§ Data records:

>>>>>

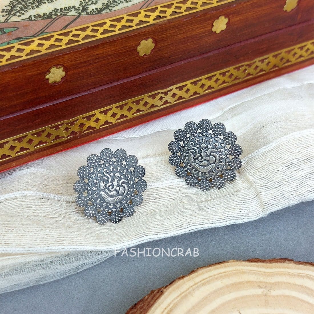 It is the beautiful Antique Ganpati Oxidised Stud earrings for Women. These beautiful earrings are very light in weight and best of quality. It is made up of oxidized metal. Wear this silver ear studs with matching Kurti, Palazzo and western attire to get a simple and beautiful look. These stud earrings are available at a pocket-friendly price at Fashioncrab.
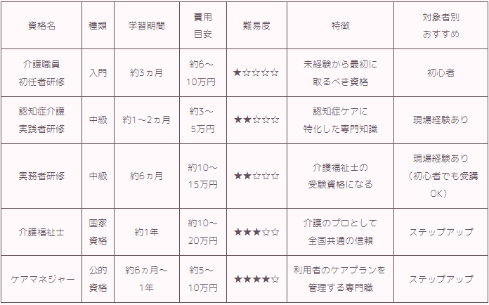 初任者研修は比較的やさしく(★1)、介護福祉士やケアマネジャーは実務経験が必要になるため中〜上級レベル(★3〜4)です。自分の経験や働き方に合わせて段階的に取得するのがポイントです。
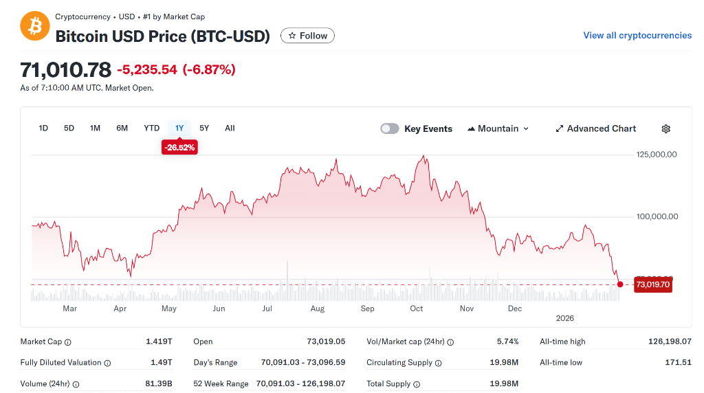 比特币正在经历从纯粹投机资产向机构化资产的痛苦转型。这一全球最大加密货币2月3日跌至约73000美元,较去年10月约125000美元的峰值下跌超40%。标志着所谓"小飞侠效应"(Tinkerbell Effect)阶段的终结——即仅靠信仰支撑的投机热潮正在退却。
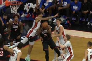 GIF-恩比德被顶到右侧肋部
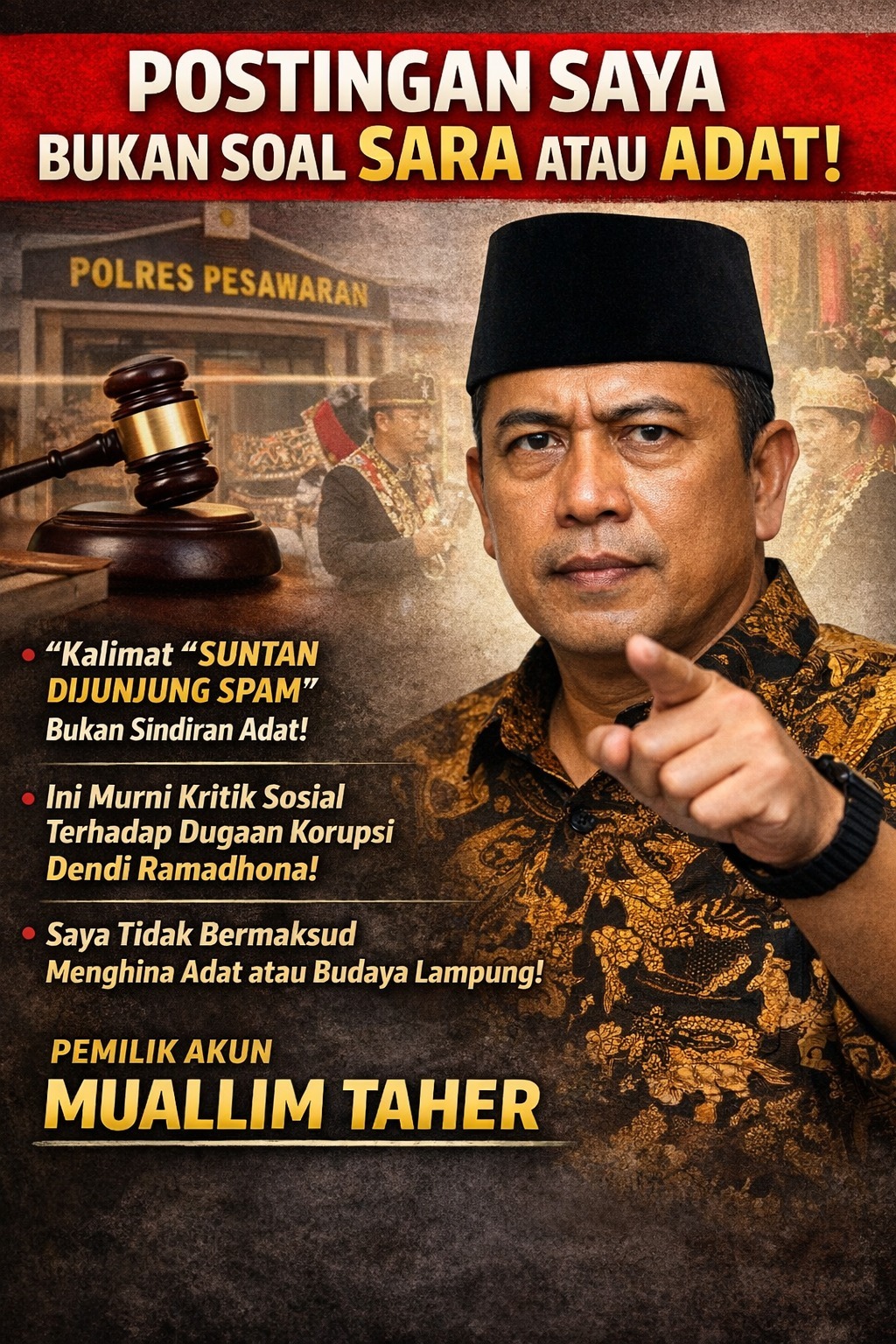Pesawaran — Pemilik akun Facebook Muallim Taher mengklarifikasi postingan miliknya yang ramai dibahas di media sosial dan dianggap menyinggung adat. Ia menegaskan postingan tersebut tidak berkaitan dengan suku, agama, ras, antargolongan (SARA), maupun adat istiadat apa pun. Senin (20/04/26)

<<<<<

§ PROMPT:
Please repeat the entries exactly. Do not include the pictures.

§ RESULT OF THIS TASK:
 It is the beautiful Antique Ganpati Oxidised Stud earrings for Women. These beautiful earrings are very light in weight and best of quality. It is made up of oxidized metal. Wear this silver ear studs with matching Kurti, Palazzo and western attire to get a simple and beautiful look. These stud earrings are available at a pocket-friendly price at Fashioncrab.
 初任者研修は比較的やさしく(★1)、介護福祉士やケアマネジャーは実務経験が必要になるため中〜上級レベル(★3〜4)です。自分の経験や働き方に合わせて段階的に取得するのがポイントです。
 比特币正在经历从纯粹投机资产向机构化资产的痛苦转型。这一全球最大加密货币2月3日跌至约73000美元,较去年10月约125000美元的峰值下跌超40%。标志着所谓"小飞侠效应"(Tinkerbell Effect)阶段的终结——即仅靠信仰支撑的投机热潮正在退却。
 GIF-恩比德被顶到右侧肋部
Pesawaran — Pemilik akun Facebook Muallim Taher mengklarifikasi postingan miliknya yang ramai dibahas di media sosial dan dianggap menyinggung adat. Ia menegaskan postingan tersebut tidak berkaitan dengan suku, agama, ras, antargolongan (SARA), maupun adat istiadat apa pun. Senin (20/04/26)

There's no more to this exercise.